This fall, Chef Tushar Tondvalkar will open doors at Kavita (250 West 3rd Avenue) a deeply personal project that brings regional Indian cooking into sharp focus through the lens of British Columbia’s seasonal ingredients.
Tondvalkar has clocked over a decade in some seriously top-notch kitchens worldwide — from Gaggan (No.3 in Asia’s 50 Best Restaurants 2024) and two-Michelin-starred Gaa in Bangkok, to Bauhaus and Blue Water Cafe in Vancouver —but opening his own spot has always been the end game.
The roots of Kavita run deep. Tondvalkar grew up in Mumbai but spent summers in his ancestral village of Malwa, where cooking meant open fires, fresh mangoes, roaming chickens and real, seasonal food. “Cooking was never fancy — it was real, raw, and seasonal,” he says. That formative experience threads directly into the soul of Kavita – a name that holds significant weight itself. “Kavita has a lot of meaning for me,” says Tondvalkar. “Not only is it named after my mother, it will be a place where I can finally introduce Vancouver to the regional and diverse flavours of the India I know in new, creative ways. Like poetry, we want each dish to tell a story and spark conversation and connections when people take their first bite.”

That storytelling will unfold across two distinct menus. The à la carte offering is designed to evolve with India’s festival calendar, with each dish being tied to a particular celebration, spotlighting regional techniques and ingredients. For example, Tondvalkar plans to honour the Ganesha Festival (Vinayaka Chavithi), which typically falls in September, with a special plant-based menu. “During this time, many Hindus observe a vegetarian diet for two months,” he explains. “We’ll mirror that at Kavita, serving only vegetarian food during what’s called the Shravan season. It’s when many land and marine animals enter their reproductive cycles, and traditionally, people give nature space. We want to honour that rhythm and bring that story to the plate.”
The second “Amma-kase” menu follows the same ethos as the à la carte one, but provides a more intimate, multi-coursed (11-12) tasting experience at the nine-seat Chef’s Table. It’s also a playful nod to Japanese omakase, with “amma” meaning “mom” in several Indian languages. At any time, guests might be treated to Chicken Kebab Stuffed Morels with nettle-infused korma, or zucchini blossom chaat—a vibrant take on the classic aloo tikki.
“Indian food isn’t monolithic, but that nuance rarely gets explored here,” says Tondvalkar, whose creativity is fuelled by a mixture of lived experience and global training — not to mention a winning turn on Hulu’s Chef vs. Wild series. “I want to show Vancouver the food I grew up with, in a way that feels fresh and authentic.”
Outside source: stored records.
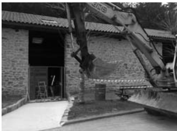
Etxeluze gaztetxeko obrak. ETXELUZE
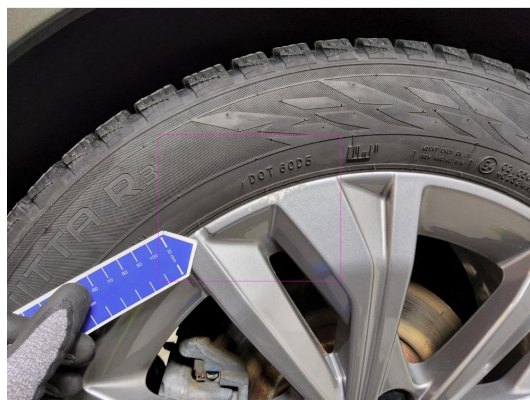
1.2 Kantkjørt alu felg vinter
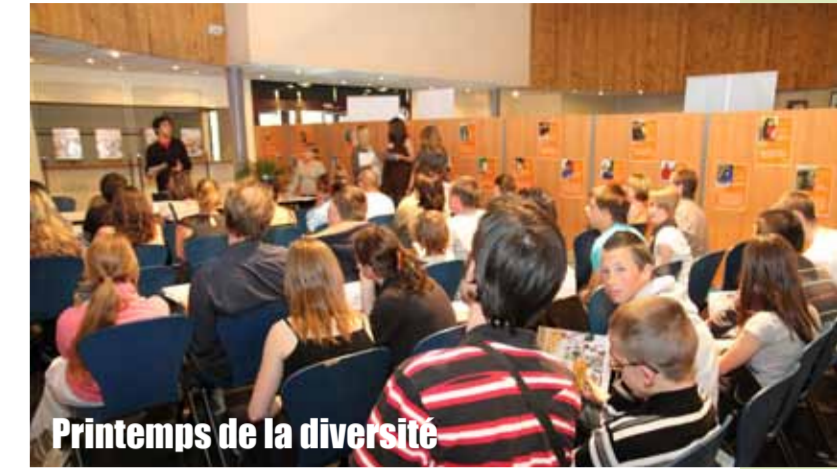
Printemps de la diversité

Pour renforcer les liens de solidarité, de nouvelles structures et actions ont été créées, en priorité vers les publics les plus isolés. La solidarité est l'affaire de tous, un engagement citoyen au quotidien.

Here, authenticity isn’t just an aesthetic. Tondvalkar sources spices straight from farmers in Malwa, the result of years of relationship-building. “When I launched Indian Pantry — a line of prepared Indian spices — I was using a local distributor. But I realised everything was being shipped from India anyway, so I spent a year and a half finding farmers I could work with directly. Some were so small they didn’t even have the licensing to export, so I helped them get that done. Now I bring in everything from there—spices, citrus, flours, rice. It’s all grown in my village.”

Closer to home, Kavita’s pantry will draw from BC’s farms and wild spaces. Buffalo milk from Tesfa Farms in Abbotsford will be used for house-made paneer. Tondvalkar is also an avid forager, often drawing parallels between local ingredients (like prawns and other seafood, or nettles and morels of BC that also show up in dishes of Northern India, for example). “It surprises a lot of people, but there’s real crossover,” he says. “It makes sense to build those connections.”
The space itself is still in its raw state, but the vision is already clear. Based on renderings (see below) and additional details he’s shared with Scout, the design will be restrained in order to let the menu’s storytelling shine. Concrete and warm wood form the base, layered with eclectic finishes and bursts of greenery. A centrally located open kitchen will be anchored by a chef’s table wrapped in elegant tile. Seating will range from communal tables built for lively conversations, to quiet corner banquettes. High ceilings will keep things light, while tactile textures ground the space.
Construction gets underway this week. Tondvalkar anticipates a soft launch in August, ahead of September’s grand opening. It’s an ambitious timeline; our fingers are crossed it all shapes up as planned.
“Opening Kavita means everything to me,” says Tondvalkar. “It’s about family, memory, and the profound stories food tells. Vancouver deserves a deeper taste of India’s incredible culinary diversity. I can’t wait to share it.”